Lot Essay
The Family of Man (Figure 8, The Bride) belongs to the series of sculptures that constitutes a major, and – as fate would tragically have it – a valedictory achievement, during the final decade of Hepworth's life and career: the group of nine large figures that comprise The Family of Man, 1970. Together with the series Conversation with Magic Stones, 1973, these works ‘heightened the rhythm of her work in the seven years before her death’, as A.M. Hammacher observed (A.M. Hammacher, Barbara Hepworth, London, 1987, p. 203).

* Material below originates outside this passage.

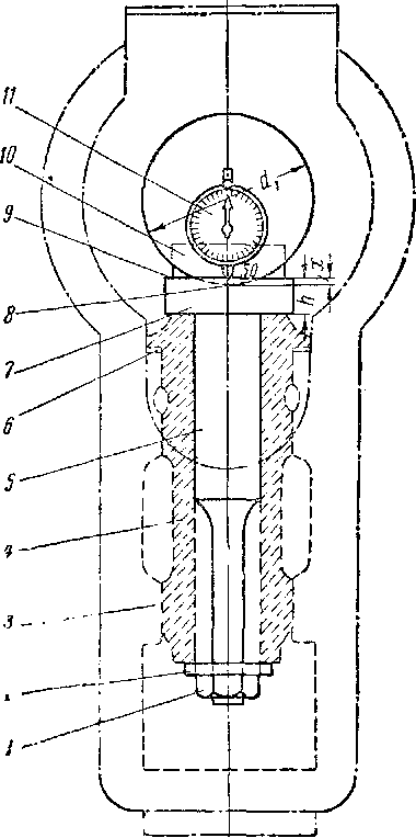 Зная диаметр ёх отверстия в корпусе 3, толщину /г плитки 7 и отклонение х стрелки индикатора 11, определяют размер А\ — расстояние от опорной поверхности бронзовой втулки 4 (для малой шестерни) до геометрической оси горизонтального вала:

Many works among Hepworth's multiple-piece sculptures comprise several related upright forms that share a common base, and suggest groupings of Stone Age megaliths, which the sculptor has metaphorically transformed into the presence of figural entities in a landscape. The Bride represents a further and culminatory development of this idea. Hepworth created The Family of Man as entirely separate, free-standing figures that interact side-by-side as an outdoor ensemble. Each work is impressive in its own right, an effect that stems from Hepworth's decision to suggest the complexity of the human spirit, figure, and generational progression by vertically stacking component elements, employing two pieces in Youth and Young Girl, three in The Bride and Parent II, and four in The Bridegroom, Ultimate Form, Parent I, Ancestor I and Ancestor II.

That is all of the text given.